BUSINESS

World shares are mostly up on the stock market today ahead of an update on US inflation

As investors awaited new information on US inflation after the most recent employment data sent conflicting messages about the condition of the economy, shares were mostly higher in Europe and Asia on Monday.

In Paris, London, Frankfurt, Hong Kong, and Shanghai, benchmarks increased. Sydney and Tokyo said no. Oil prices and US futures both decreased.

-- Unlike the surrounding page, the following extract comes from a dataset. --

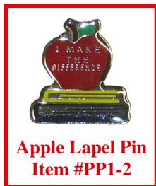
Apple Lapel Pin Item #PP1-2

Minimum Order is 100 Pieces You can mix-and-match in quantities of 50 pieces per item. For example, 50 bookmarks and 50 pens for a total of 100 pieces. All items $.50 each

On Wednesday, the US government is expected to release data on consumer prices for June. Predictions predict for an annual rise of slightly over 3%, down from 4% in May.

 

Early on Monday, the DAX in Germany increased by 0.3% to 15,645.48, while the CAC 40 in Paris increased by 0.4% to 7,138.87. The FTSE 100 in Britain increased 0.2% to 7,268.25.

 

The S&P 500 future was down by 0.2%, while the Dow Jones Industrial Average future was just under 0.1% lower. The S&P 500 dropped 0.3% on Friday, while the Dow dropped 0.6%. The Russell 2000 index of smaller firms increased 1.2% while the Nasdaq composite dipped 0.1%.

 

As GDP in the US and Europe continues to slow down under a bombardment of interest rate rises intended to quell excessive inflation, China announced on Monday that producer prices dropped 5.4% in June from a year earlier, down from a decline of 4.6% in May. The fact that consumer price inflation remained flat suggests that demand may be diminishing as the second-largest economy in the world’s activities declines.

 

China’s economy had an early boom in growth as the nation recovered from the COVID-19 pandemic-related setbacks, but this growth has now declined more quickly than anticipated.

 

“The releases of the latest indicators from China did little to quell concerns about the lethargic state of economic activity,” Tim Waterer of KCM Trade said in a report.He said, “With deflationary troubles brewing for the world’s second largest economy, one wonders how long it will be before the central bank steps in to provide something more meaningful on the stimulus side.”

 

Chinese investors often expect such market support in the face of weak data. Shanghai Composite index rose 0.2 percent to 3,203.70, while Hong Kong’s Hang Seng index increased by 0.6% to 18,479.72.

 

The Nikkei 225 in Tokyo fell by 0.6% to 32,189.73, while the Kospi in Seoul fell by 0.2% to 2,520.70. The S&P/ASX 200 index for Australia fell 0.5% to 7,004.00.

 

The SET in Bangkok increased by 0.3% while the Sensex in India grew by 0.1%.

 

As anticipated, US Treasury Secretary Janet Yellen’s journey to Beijing to heal fences came to a close on Sunday without any significant agreements or improvements in the countries’ tense relations.

 

Despite disagreements on a variety of topics, such as access to cutting-edge technology, Chinese territorial aspirations, and claims of human rights violations, Yellen indicated that ties were on a “surer footing” and that the two sides will continue to communicate.

 

After reports indicated the US employment market is still hot enough to keep the economy going but maybe not so hot that it stokes inflation much higher, Wall Street slid to a mixed finish on Friday. Last month, US companies created 209,000 jobs, down from 306,000 in May.

 

For instance, wage growth remained stable last month rather than dropping as predicted by experts. Workers would prefer the actual increase in average hourly wages of 4.4% above the forecasted increase of 4.2%, but Wall Street is concerned that the Fed would see the excessive pay rise as maintaining pressure on inflation.

 

“The expansion of jobs is slowing. Not at all unexpected given the many layoffs taking place all around the nation, according to Clifford Bennett of ACY Securities. In other words, despite the fact that employment growth is slowing, it is still far from sufficient to satisfy the Fed.

 

Whether the economy can negotiate the constrained route to avoid a protracted recession will have a significant impact. Even though the Federal Reserve increased interest rates significantly to reduce inflation, it must continue to expand.

 

In other trade on Monday, New York Mercantile Exchange electronic trading saw US benchmark crude oil drop 61 cents to USD 73.25 per barrel. On Friday, it increased by USD 2.06 to USD 73.86 per barrel.

 

Brent oil, which serves as the benchmark price for global trade, lost 60 cents to reach USD 77.87 a barrel.

 

From 142.17 Japanese yen, the US dollar increased to 142.50 yen. From USD 1.0967 to USD 1.0965, the euro decreased.